Wednesday, March 05, 2014

Visibility nil, restricted viewing 5 stars

South Bank in spring sunshine...
I always feel this, not the view from Westminster Bridge, is the stretch of Thames that Wordsworth really had in mind when he wrote of the towers, domes, theatres and temples that enthralled him.  My friend Helen and I met here and walked along to the Tate Modern to see the Paul Klee exhibition. I'd booked with high expectations but left still foggy as to why this artist's work is held in such high esteem. "Formerly we used to represent things which were visible," Klee wrote, "...today we reveal the reality that is behind visible things." But what reality is that? There's none of the emotional energy of Kandinsky or Mirot, or the spacial exploration of Picasso ~ and though Klee continued to work and exhibit throughout two wars, no suggestion of awareness of these conflicts although two of his close colleagues died at the front in WWI. Apart from some recurrent images ~ fish, circles, lines ~ what predominates is those tidy patches of colour, flat as paint-cards, closely contiguous and inscrutably titled.  Helen & I thought they'd probably make nice cushions, and found on our way out the Tate shop had the same idea.

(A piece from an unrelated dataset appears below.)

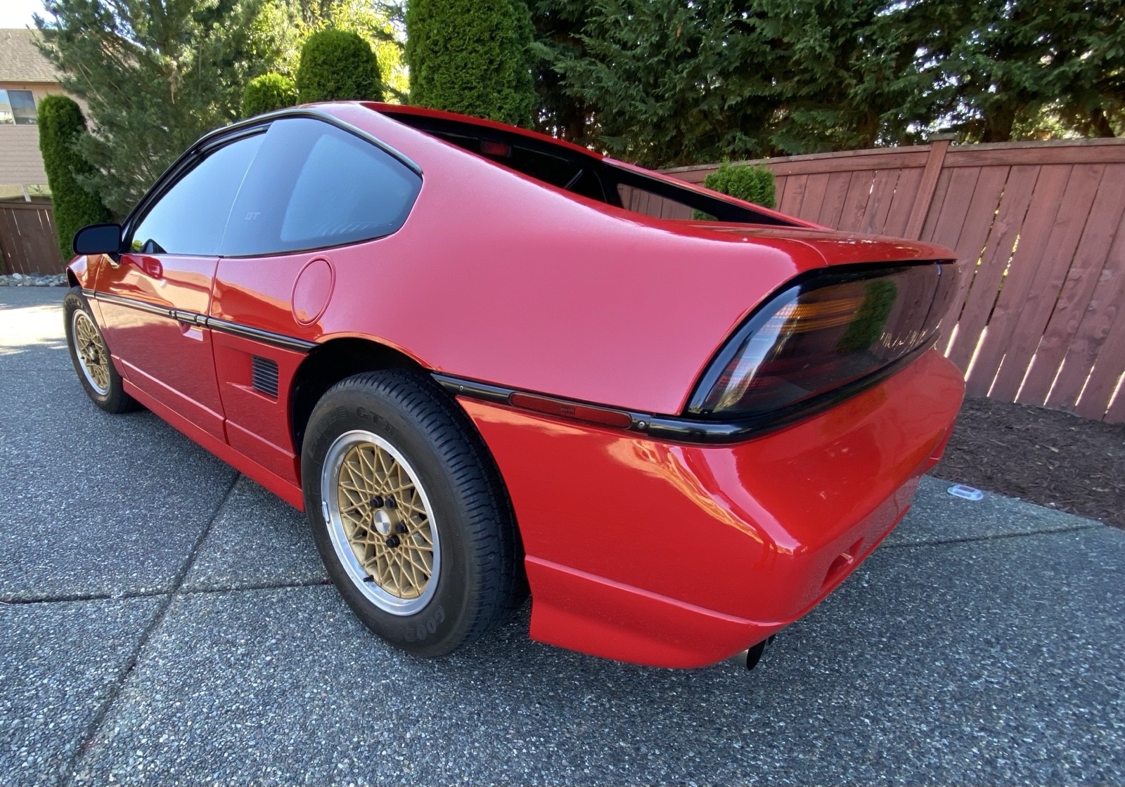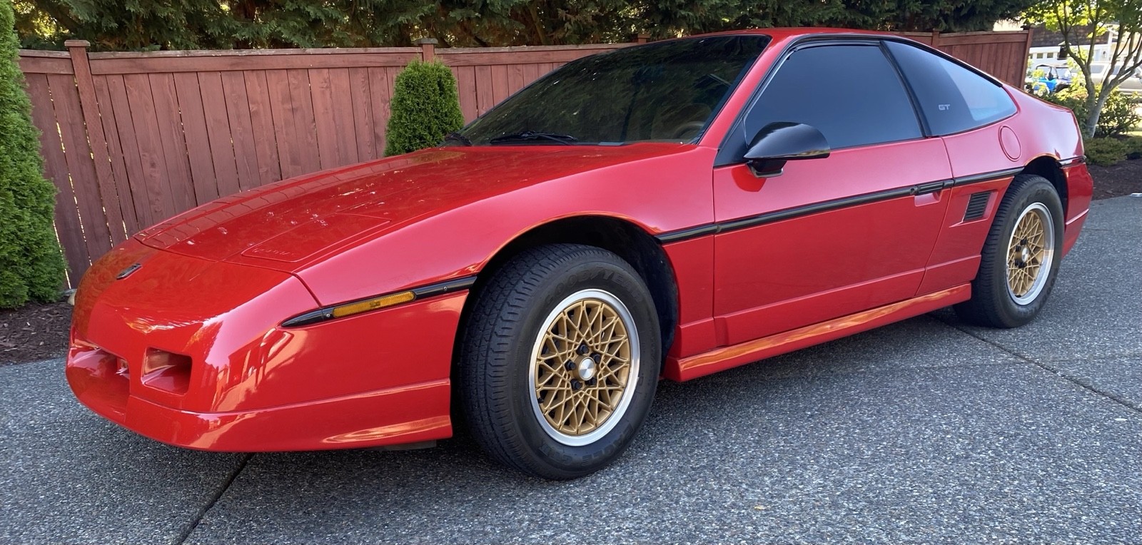 This 1988 bright red Fiero is a rare spoiler delete order. I have an original Fiero spoiler that I had painted at a reputable Auto painter with Pontiac red correct paint and it looks amazing so the buyer can decide to either keep it spoiler delete or put on one of the big wings . The car shifts immaculately and the five speed transmission is easy and fun to drive. I have very wide feet and have difficulty with the clutch and brake being so close but this car is a cinch. If you know anything about Fiero GT‘s, they are a blast. This one has the original tan interior with the original floor mats that are rolled up in the trunk, it comes with a car cover. The tires are in excellent condition. I put a battery disconnect on it because I go weeks and weeks without driving it and the battery disconnect is pictured in one of the photos. The car has a seat and it works just fine. At one point it had a vintage Clifford, alarm, but I’ve torn most everything out, including the little siren and the wiring in the back. The only thing that is an issue is the radio, sometimes it works sometimes it doesn’t and sometimes it’s just the left speaker I would go under the dash but I’m way too old and I’m not limber enough so I’m gonna leave it for the buyer to deal with. Questions are welcome and I will take additional photos upon request.

And then on to Shakespeare's Globe for supper overlooking the river,  followed by a feast of fun at the brand Sam Wanamaker Playhouse, a fabulous timber-framed theatre space created from designs based on drawings from early 1600s and lit by beeswax candles.
Their choice of opening production is brilliant: The Knight of the Burning Pestle, written around the same time by Francis Beaumont, is an anarchic pastiche of travelling troupes from the days of mummers and masqueraders, but with the bizarre post-modern twist of a meta-theatrical storyline. Not exactly a play-within-a-play, this is more two plays within a theatre that becomes the play, as narration is hijacked by the Grocer's insistence his apprentice becomes the fighting knight of the title and both conflicting tales are constantly interrupted by him and his good lady wife... perhaps you need to see it ~ though we were standing at the back of the Upper Circle with "Restricted Viewing" tickets, but with a hilariously bathos-laden script (Now in arms I'll never clasp 'er / for she's stolen away by your man Jasper!), high-energy physical comedy and fantastic acting, we loved every minute.

A tenuous literary link as footnote: I stayed over with Helen and next day we walked the Ayot Greenway, past Shaw's Corner where GBS lived & wrote for forty years. The house is maintained exactly as in his lifetime, down to the clothes and notebooks he used, but in those days this path was the train track to London. Shaw had a house in Fitzroy Square as well as Ayot St Lawrence, so we pictured him steaming past on this Lost Rail as we listened to the birds in the quiet woods.